Among the records below, find the line with "Op vrijdagavond zit" and the line with "Zaterdag 7 Augustus.". Set down both and every line between, exactly and with no pictures, but nothing else.
Dataset content START
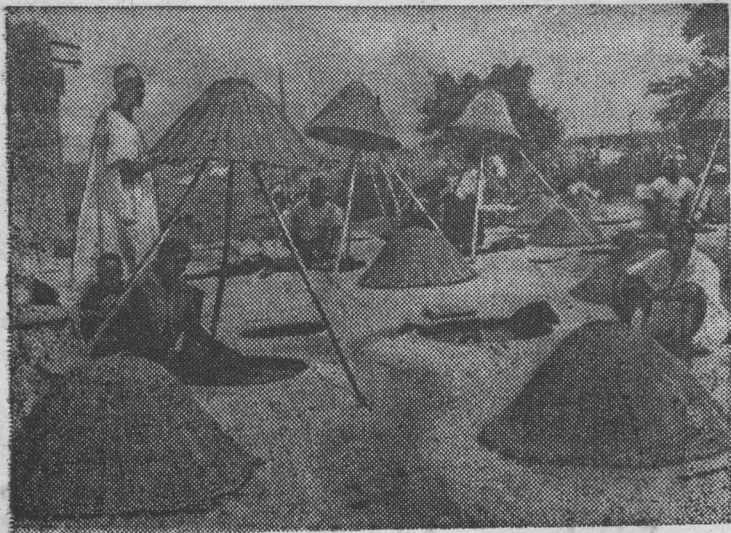
Нигерия. Кустарная красильная мастерская под открытым небом.
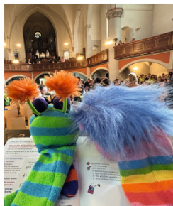
Auch Sömmerdaer Kinder nahmen am grossen Kinderchortag "500 Jahre Gesangbuch" in Erfurt teil. Es war ein ereignisreicher, schöner Tag mit viel Musik und Begegnung!
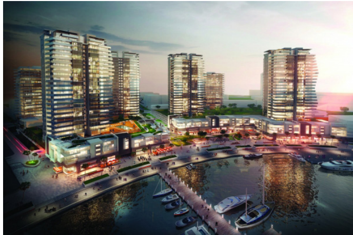
Abb. 4 Rendering der Marina von Eko Atlantic

insbesondere Menschen außerhalb der Planungs- und Architekturprofession empfinden positive emotionale Reaktionen auf solche Bilder. Neben der hohen Veränderbarkeit und den Verbreitungsmöglichkeiten von digitalen Bildern stellt dies sicher einen Grund für den häufigen Einsatz von Renderings dar.
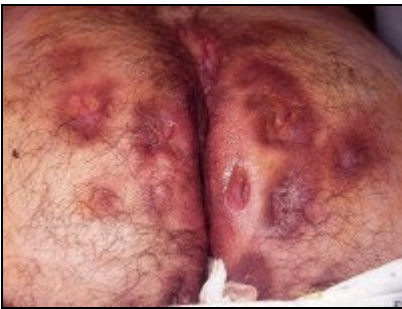
Hidradenitis suppurativa van de billen, ernstige variant met veel ontstekingsverschijnselen
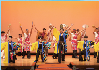
知的障がい児・者のダンスチーム マーチ&ばんびーの
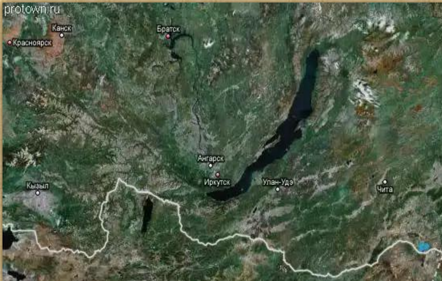
Озеро Байкал (Вид из космоса)
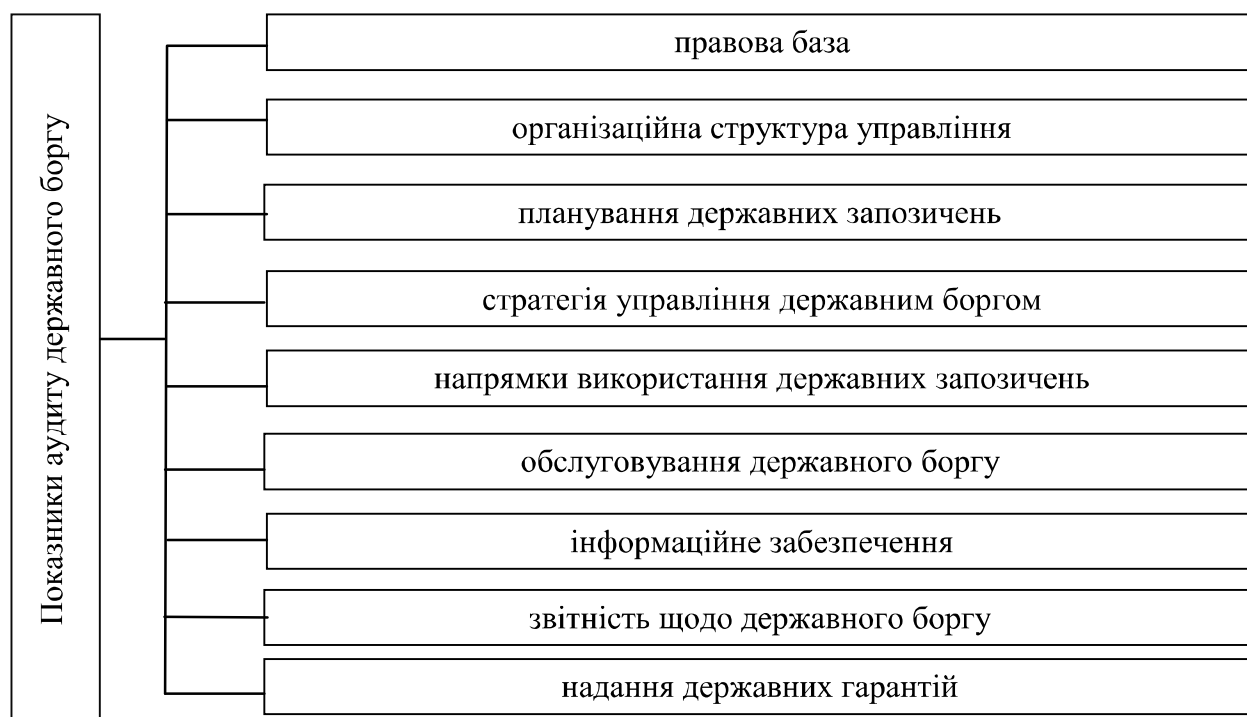
Рис. 1. Показники аудиту ефективності управління державним боргом*
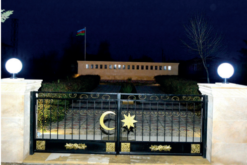
Sarvan Şəhidlər Xiyabanı
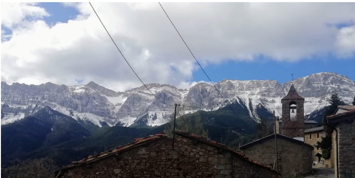
Enharinada en el Vessant Nord del Cadí, el domingo 2 de abril. Pese a los chubascos, el manto sigue siendo discontinuo y muy escaso.
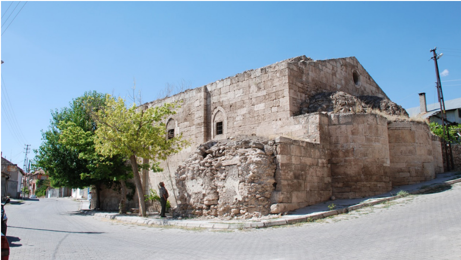
F. 30- Surp Sarkis Kilisesi güneydoğudan görünüş, güney yan şapel
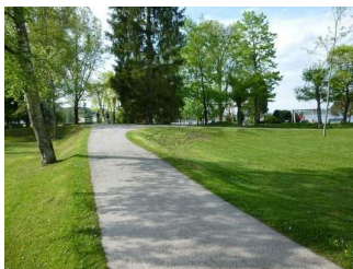
Weg nahe Bad Wiessee
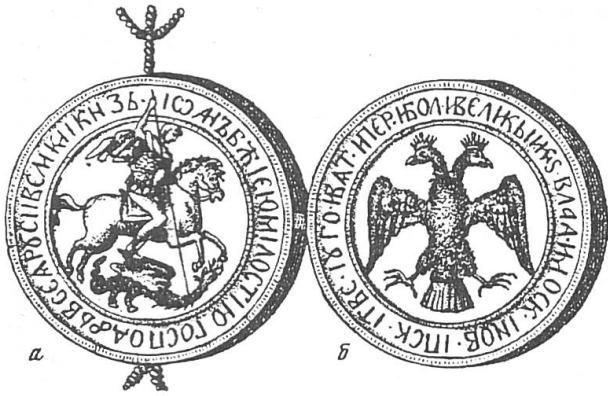
Fig. 3. Sceau d'Ivan III (1462-1505).
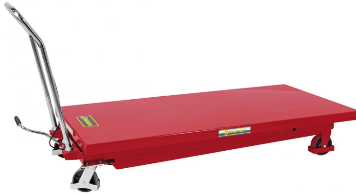
Abbildung TG 500
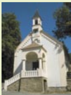
Kaple sv. Jana Křtitele

Na místě kaple stával původně tzv. Cechhaus, kde se shromažďovali horníci před sfáráním do dolu Julius a kde obdrželi denní pracovní rozkazy. Později zde byl umístěn konzum a roku 1911 byl dům přestavěn a vysvěcen na kapli sv. Jana Křtitele – patrona horníků.
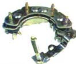
SV1808-PH42 PORTA DIODO IHR717 HITACHI NISSAN MAXIMA
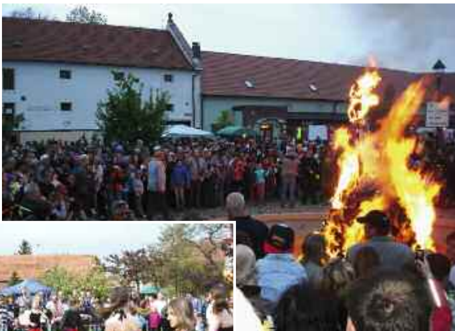
Letošní 22. ročník měl bohatý program, v němž nechyběla tradiční soutěž o nejkrásnější čarodějnicí.
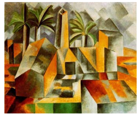
Treći krajolik pod nazivom „Factory at Horta de Ebro“
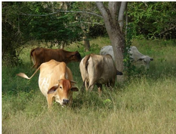
Figura 7. Silvopastoreo con ganado “siete razas”

Recabando en el tema se le interrogó: ¿Pero todas estas ventajas son para los dueños, los trabajadores como se benefician? Dijo: “De muchas maneras, primero generamos empleos bien remunerados con el manejo doble propósito que en otros modelos de ganadería, gracias al sistema silvopastoril que permite mejorar la dieta alimenticia de los animales y su confort posibilitando el ordeño de la vaca con ternero. Asimismo reciben leche para hacer queso y suero; sembramos peces en los jagüeyes que alimentamos con estiércol de los corrales y ellos los pescan para su consumo; tienen el patio para criar gallinas y unos pocos cerdos que alimentan con totumo y con calostro sobrante de las vacas y cabras, además los animales pueden escarbar y hozar todo el terreno para buscar comida. Tienen leña suficiente y de buena calidad, pueden ver algo de televisión porque los paneles solares que están instalados lo permiten. El ambiente es saludable, pues no usamos casi insumos químicos. Todo esto se refleja en la salud que presentan
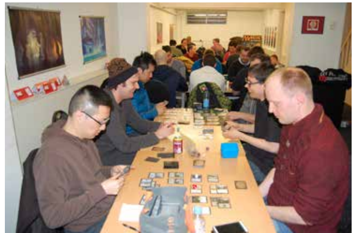
Op vrijdagavond zit de kelder van Magic United altijd bomvol
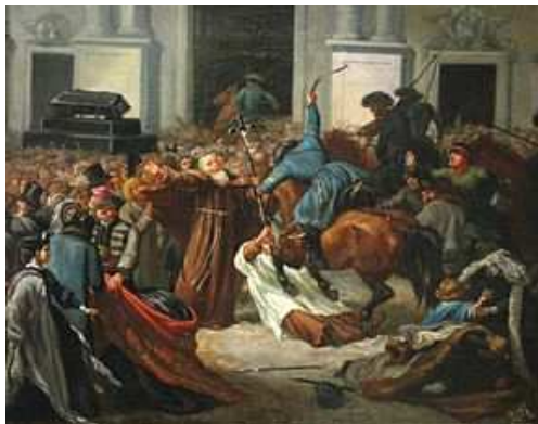
Kozacy atakują Kościół św. Anny w Warszawie 27 lutego 1861 roku

Po serii krwawo stłumionych manifestacji patriotycznych nowy rosyjski namiestnik gen. Karol hr. Lambert 14 października 1861 roku wprowadził stan wojenny w celu spacyfikowania Królestwa Polskiego.
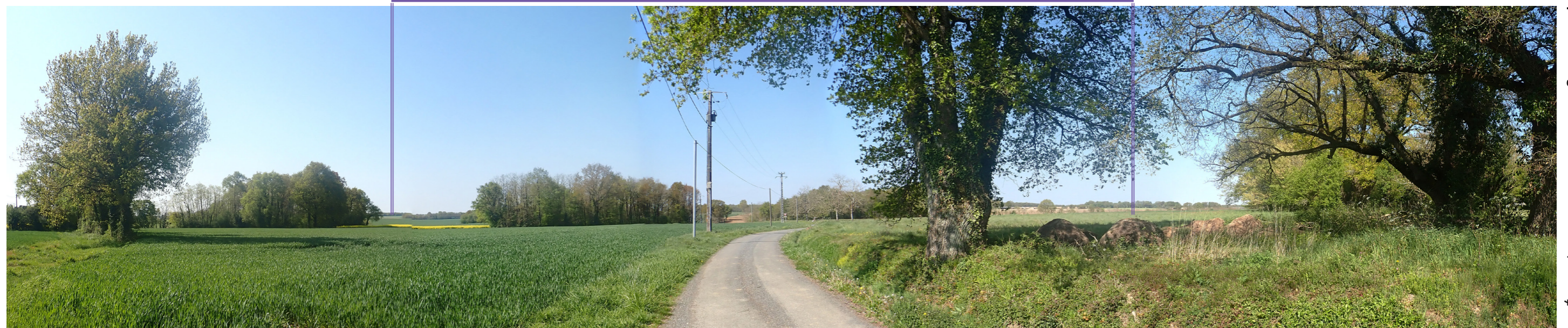
Photo 84 : La hauteur apparente du VIP est importante depuis la sortie du hameau de l'Héraudière
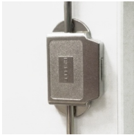
Barre de verrouillage de haute qualité
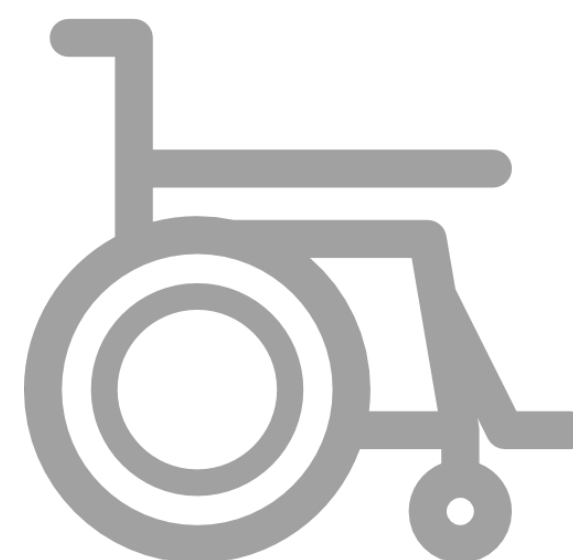
специальные технические средства
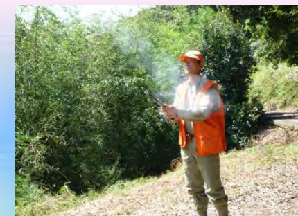
【和歌山県日高川町】 有害鳥獣対策
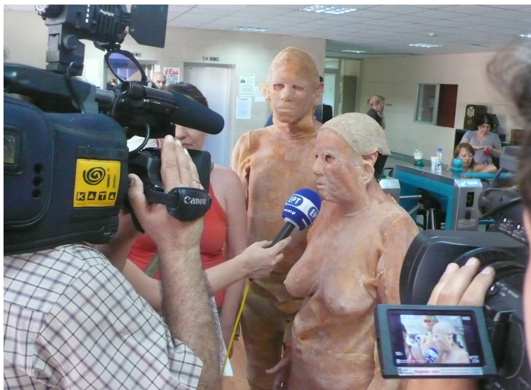
Ponte en mi pellejo , 2013.

HB: Bueno, y sobre lo que decía Pato con una metáfora, lo de danzar ante el huracán o ante el temblor: danzar con el temblor para no caerte. Eso tiene que ver con la desorganización que está ocurriendo y con una forma de ir acompañando esta desestructuración de certezas que al menos yo tenía de niño. Por ejemplo, el zapatismo. El neozapatismo irrumpe en el 94 en Chiapas, en México. Y aquí hablo personalmente porque es un fenómeno que si bien pasa a muchos kilómetros de distancia y a muchos siglos de distancia de mi propia realidad, también nos es contemporáneo y de alguna manera sí
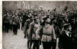
Čs. vojáci rakousko-uherského velitelství, třetí protivojenský čs. archív na území Leopoldské 28. října 1918

Dne 30. října 1918 Slovenská národní rada přijala tzv. Martinskou deklaraci, potvrdila zřízení slovenského území v rámci Československa, 12. listopadu 1918 Americká národní rada územních Řusů v Senatu souhlasila s plánem příjmení Podkarpatské Rusy k Československu a 6. května 1919 svou vládu státní se autonomní součástí Československé republiky vyjádřila v Ústavní Chartě. Rusá národní rada (ČSFR) jako společný orgán národních rad (územních, pravoslaw, a chvostků) zúčastňuje emigrace.
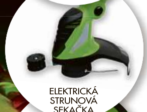
ELEKTRICKÁ STRUNOVÁ SEKAČKA
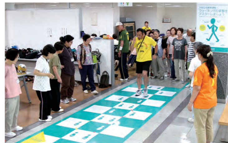
▲ 定期的に開催される介護予防教室でウォーキングする参加者
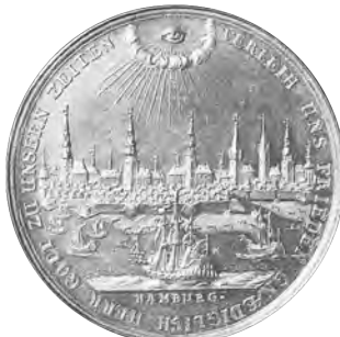
5. ドイツ・ハンブルク 10ダカット金貨 ND(1697-1700) ホルトガロッサー Gaed1685 P/L UNC
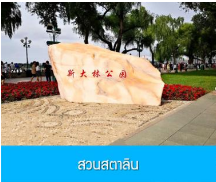
สวนสตาลิน
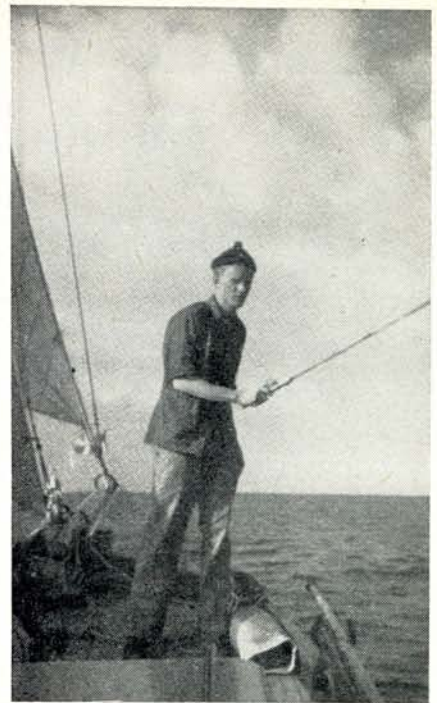
Vissen in de Grootte Belt

Zaterdag 7 Augustus. 's Nachts is er nog veel regen, maar 's morgens begint het alweer op te klaren. We nemen nog wat verse proviand in en een pakket accijns-vrije dranken en sigaretten en dan zeilen we voor een mooie zuidwester de Kieler Förde uit naar Labö. Daar komt
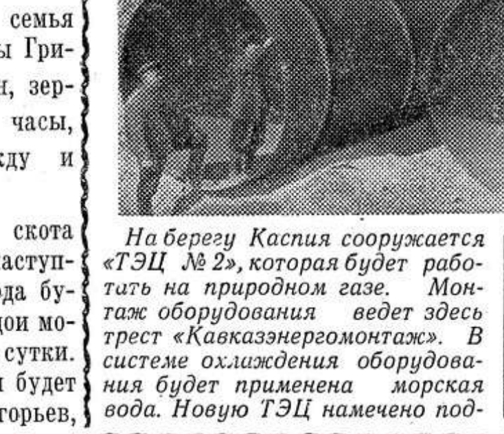
На берегу Каспия сооружается ТЭЦ № 2, которая будет работать на природном газе. Монтаж оборудования ведет здесь трест «Кавказэнергоаппарат». В системе охлаждения оборудования будет применена морская вода. Новую ТЭЦ намечено под-
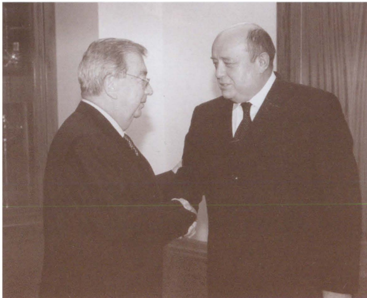
С Михаилом Ефимовичем Фрадковым
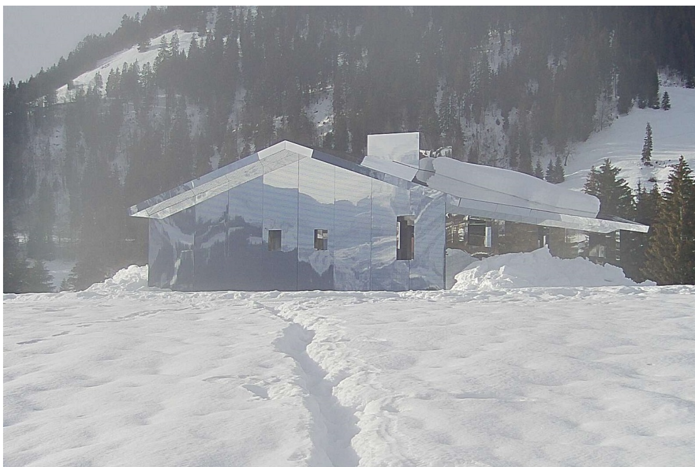
Фото инсталляции Mirage Gstaad, сделанное веб-камерой на сайте проекта Elevation1049.org

Автор: Заррина Салимова, Берн , 11.02.2021.
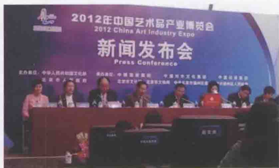
2012 年 9 月 26 日，由文化部和北京市人民政府共同主办的 2012 中国艺术品产业博览会在北京开幕。

为更好总结发展经验，扩大产业影响，于 2012 年年初举办“十七大”以来中国动漫产业发展成果展。为进一步加强总体协调和部门协作，召开扶持动漫产业发展部际联席会议。协调财政、税务等部门，继续开展动漫企业认定工作，全年认定动漫企业共 110 家。启动实施“2012 年国家动漫品牌建设和保护计划”，该计划主要培育和扶持民族原创优秀动漫创意、动漫品牌，经业界专家严格评选，共确定《喜羊羊与灰太狼》等 20 个动漫品牌项目和《长歌行》等 30 个动漫创意项目入选，涵盖了动漫产业多个领域。“国家动漫品牌建设和保护计划”坚持资金扶持和公共服务相结合，通过为入选项目提供一定的资金扶持，搭建产业化推广平台，加强对入选项目的知识产权保护等手段，引导培育一批具有市场化、产业化、品牌化开发价值的民族原创动漫创意，推动建设一批在国内和国际市场具有一
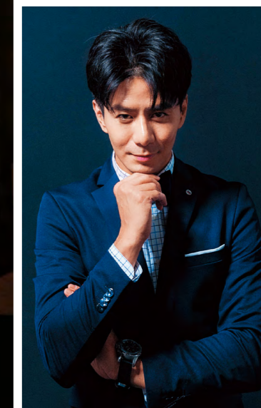
↓ 2019基隆市跨年晚會主持人—郭彥均。
Dataset content END
● Reply to the exercise
Op vrijdagavond zit de kelder van Magic United altijd bomvol
Kozacy atakują Kościół św. Anny w Warszawie 27 lutego 1861 roku

Po serii krwawo stłumionych manifestacji patriotycznych nowy rosyjski namiestnik gen. Karol hr. Lambert 14 października 1861 roku wprowadził stan wojenny w celu spacyfikowania Królestwa Polskiego.
Photo 84 : La hauteur apparente du VIP est importante depuis la sortie du hameau de l'Héraudière
Barre de verrouillage de haute qualité
специальные технические средства
【和歌山県日高川町】 有害鳥獣対策
Ponte en mi pellejo , 2013.

HB: Bueno, y sobre lo que decía Pato con una metáfora, lo de danzar ante el huracán o ante el temblor: danzar con el temblor para no caerte. Eso tiene que ver con la desorganización que está ocurriendo y con una forma de ir acompañando esta desestructuración de certezas que al menos yo tenía de niño. Por ejemplo, el zapatismo. El neozapatismo irrumpe en el 94 en Chiapas, en México. Y aquí hablo personalmente porque es un fenómeno que si bien pasa a muchos kilómetros de distancia y a muchos siglos de distancia de mi propia realidad, también nos es contemporáneo y de alguna manera sí
Čs. vojáci rakousko-uherského velitelství, třetí protivojenský čs. archív na území Leopoldské 28. října 1918

Dne 30. října 1918 Slovenská národní rada přijala tzv. Martinskou deklaraci, potvrdila zřízení slovenského území v rámci Československa, 12. listopadu 1918 Americká národní rada územních Řusů v Senatu souhlasila s plánem příjmení Podkarpatské Rusy k Československu a 6. května 1919 svou vládu státní se autonomní součástí Československé republiky vyjádřila v Ústavní Chartě. Rusá národní rada (ČSFR) jako společný orgán národních rad (územních, pravoslaw, a chvostků) zúčastňuje emigrace.
ELEKTRICKÁ STRUNOVÁ SEKAČKA
▲ 定期的に開催される介護予防教室でウォーキングする参加者
5. ドイツ・ハンブルク 10ダカット金貨 ND(1697-1700) ホルトガロッサー Gaed1685 P/L UNC
สวนสตาลิน
Vissen in de Grootte Belt

Zaterdag 7 Augustus. 's Nachts is er nog veel regen, maar 's morgens begint het alweer op te klaren. We nemen nog wat verse proviand in en een pakket accijns-vrije dranken en sigaretten en dan zeilen we voor een mooie zuidwester de Kieler Förde uit naar Labö. Daar komt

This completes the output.